With the movies on, it was easy for Cath not to talk to Wren about anything important – but hard not to talk about the movies themselves.
“Baz’s hair is sick,” Wren said during Simon Snow and the Selkies Four. All the actors had longer hair in this movie. Baz’s black hair was swept up into a slick pompadour that started at his knifepoint widow’s peak.
“I know,” Cath said, “Simon keeps trying to punch him just so he can touch it.”
“Right? The last time Simon swung at Baz, I thought he was gonna brush away an eyelash.”
“Make a wish,” Cath said in her best Simon voice, “you handsome bastard.”
Their dad watched Simon Snow and the Fifth Blade with them, with a notebook on his lap. “I’ve lived with you two for too long,” he said, sketching a big bowl of Gravioli. “I went to see the new X Men movie with Kelly, and I was convinced the whole time that Professor X and Magneto were in love.”
“Well, obviously,” Wren said.
“Sometimes I think you’re obsessed with Basilton,” Agatha said onscreen, her eyes wide and concerned.
“He’s up to something,” Simon said. “I know it.”
“That girl is worse than Liza Minnelli,” their dad said.
An hour into the movie, just before Simon caught Baz rendezvousing with Agatha in the Veiled Forest, Wren got a text and got up from the couch.
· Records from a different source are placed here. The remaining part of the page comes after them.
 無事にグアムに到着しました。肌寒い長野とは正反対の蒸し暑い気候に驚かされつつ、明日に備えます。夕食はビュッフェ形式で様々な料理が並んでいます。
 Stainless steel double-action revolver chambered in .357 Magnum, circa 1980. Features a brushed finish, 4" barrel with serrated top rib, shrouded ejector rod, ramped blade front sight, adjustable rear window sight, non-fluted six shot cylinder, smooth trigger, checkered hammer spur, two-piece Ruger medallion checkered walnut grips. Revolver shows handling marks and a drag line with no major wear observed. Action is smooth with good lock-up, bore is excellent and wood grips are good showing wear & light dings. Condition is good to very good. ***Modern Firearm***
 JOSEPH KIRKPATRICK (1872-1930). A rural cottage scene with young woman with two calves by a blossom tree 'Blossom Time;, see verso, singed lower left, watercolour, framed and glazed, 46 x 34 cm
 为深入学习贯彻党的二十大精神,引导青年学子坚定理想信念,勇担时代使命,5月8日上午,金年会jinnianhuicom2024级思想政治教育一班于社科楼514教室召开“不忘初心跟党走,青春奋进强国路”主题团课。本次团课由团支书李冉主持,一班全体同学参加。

Cath decided to use the bathroom, just in case the doorbell was about to ring. Laura wouldn’t do that, right? She wouldn’t come to the door.
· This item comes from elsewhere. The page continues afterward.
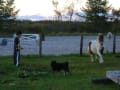 ダッシュで帰ってくるきなこと奥はレイラ 一日草刈御苦労さま
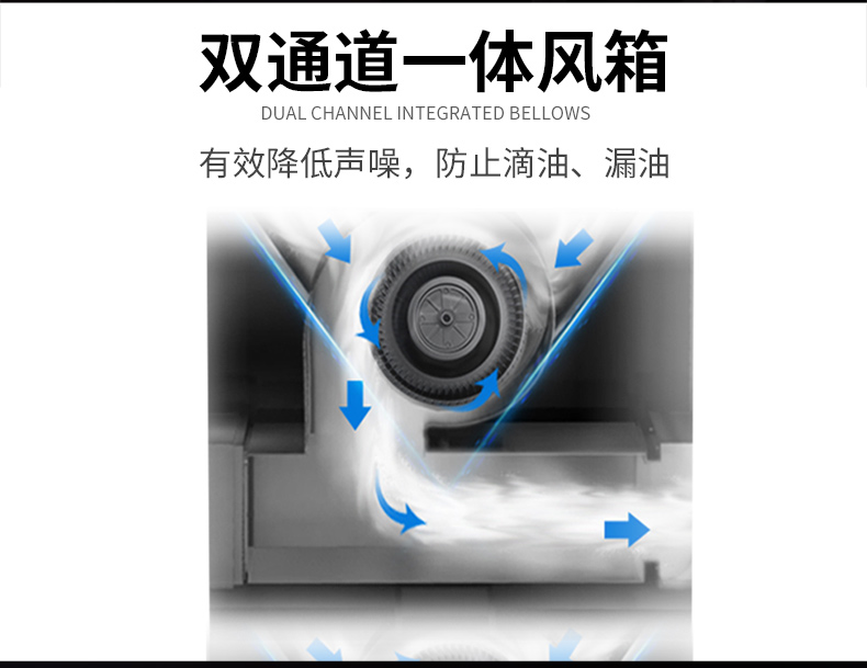 噪聲是影響兒童智力和身體發育的大敵,據統計,長期在80分貝以上噪音環境中生活,致聾率可高達50%,科恩D511采用雙通道一體靜音風箱結構,具有吸風量大、超靜音、不回煙跑煙,防止滴油漏油等特點,避免孩子遭受廚房噪音,學會做菜,愛上廚房!

Cath stood in the bathroom near the door and heard her dad telling Wren to have a good time.
“I’ll tell Mom you said hi,” Wren said to him.
“That’s probably not necessary,” he said, cheerfully enough.
Go, Dad, Cath thought.
After Wren was gone, neither of them talked about her. They watched one more Simon movie and ate giant pieces of spaghetti-sagna, and her dad realized for the first time that they didn’t have a Christmas tree.
“How did we forget the tree?” he asked, looking at the spot by the window seat where they usually put it.
“There was a lot going on,” Cath said.
“Why couldn’t Santa get out of bed on Christmas?” her dad asked, like he was setting up a joke.
“I don’t know, why?”
“Because he’s North bi-Polar.”
“No,” Cath said, “because the bipolar bears were really bringing
“Because Rudolph’s nose just seemed too bright.”
“Because the chimneys make him Claus-trophobic.”
“Because –” Her dad laughed. “– the highs and lows were
too much for him? On the sled, get it?”
“That’s terrible,” Cath said, laughing. Her dad’s eyes looked bright, but not too bright. She waited for him to go to bed before she went upstairs.
Wren still wasn’t home. Cath tried to write, but closed her laptop after fifteen minutes of staring at a blank screen. She crawled under her blankets and tried not to think about Wren, tried not to picture her in Laura’s new house, with Laura’s new family.
Cath tried not to think of anything at all. When she cleared her head, she was surprised to find Levi there underneath all the clutter. Levi in gods’ country. Probably having the merriest Christmas of them all. Merry. That was Levi 365 days a year. (On leap years, 366. Levi probably loved leap years. Another day, another girl to kiss.)
It was a little easier to think about him now that Cath knew she’d never have him, that she’d probably never see him again. She fell asleep thinking about his dirty-blond hair and his overabundant forehead and everything else that she wasn’t quite ready to forget.